Так, в отличие от В. Брюсова, К. Бальмонта и С. Соловьева, он признал за И. Буниным в статье «О лирике» «право на одно из главных мест среди современной русской поэзии». «Неожиданным, поначалу, показалось мне спокойное и вдумчивое отношение А<лександра> А<лександровича> к лицам и явлениям поэтического мира, выходившим далеко за пределы родственных ему течений, — вспоминает поэт В. А. Зоргенфрей. — Школа, которой духовным средоточием был он, не имела в нем слепого поборника — мыслью он обнимал все живое в мире творчества…»

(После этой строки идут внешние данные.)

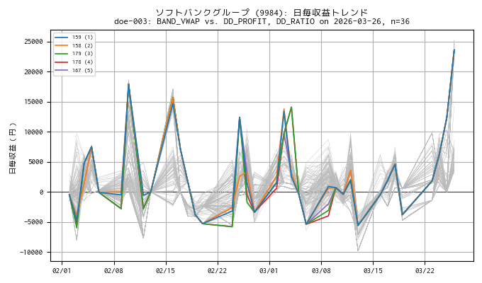 昨日の(クロス・シグナル無しという)悔しい結果を目にして、急遽、準備していた VWAP のバンド線を実装、妥当なバンド幅の見当を付けるため一晩かけて DOE によるバックテストを実施しました[189 条件 × 35 日 + 当日分]。

Как будто он и согласен с «Весами», что «непосредственно за Леонидом Андреевым русская реалистическая литература образует крутой обрыв». «Но, — пишет он тут же, — как по обрыву над большой русской рекой располагаются живописные и крутые груды камней, глиняные пласты, сползающий вниз кустарник, так и здесь есть прекрасное, дикое и высокое, есть какая-то задушевная жажда — подняться выше, подниматься без отдыха». Эта литература, к которой «культурная критика» относится пренебрежительно, естественно входит для Блока как бы. в сам пейзаж родины, Руси, который все чаще рисуется в его поэзии.

Блок пишет о том, что «графоманов» в этой литературе меньше, чем среди декадентов, что в «партийном упрямстве» демократов есть свое благородство, что эти писатели пока что намеренно самоограничиваются ради достижения своих ближайших целей, что можно понять это их свойство и ожидать от них в будущем новых тем.

Поэт не отказывается от своего собственного творчества, не спешит записаться в ряды другой литературной армии, но старается трезво оценить ее силы и слабости. «Это — «деловая» литература, — пишет он, — в которой бунт революции иногда совсем покрывает бунт души и голос толпы покрывает голос одного. Эта литература нужна массам, но кое-что в ней необходимо и интеллигенции. Полезно, когда ветер событий и мировая музыка заглушают музыку оторванных душ и их сокровенные сквознячки».

Так в статье «О реалистах» начинает пробиваться будущая тема Блока — автора «Двенадцати» и «Интеллигенции и революции», ветровая музыка «роковых минут» мира, «высоких зрелищ» истории, говоря словами Тютчева.

Статья «О реалистах» вызвала грубое и оскорбительное письмо Андрея Белого: «Спешу Вас известить об одной приятной для нас обоих вести, — писал он в первых числах августа 1907 года. — Отношения наши обрываются навсегда. Мне было трудно поставить крест на Вашем внутреннем облике… Наконец, когда Ваше «прошение», pardon, статья о реалистах появилась в «Руне», где Вы беззастенчиво писали о том, чего не думали, мне все стало ясно».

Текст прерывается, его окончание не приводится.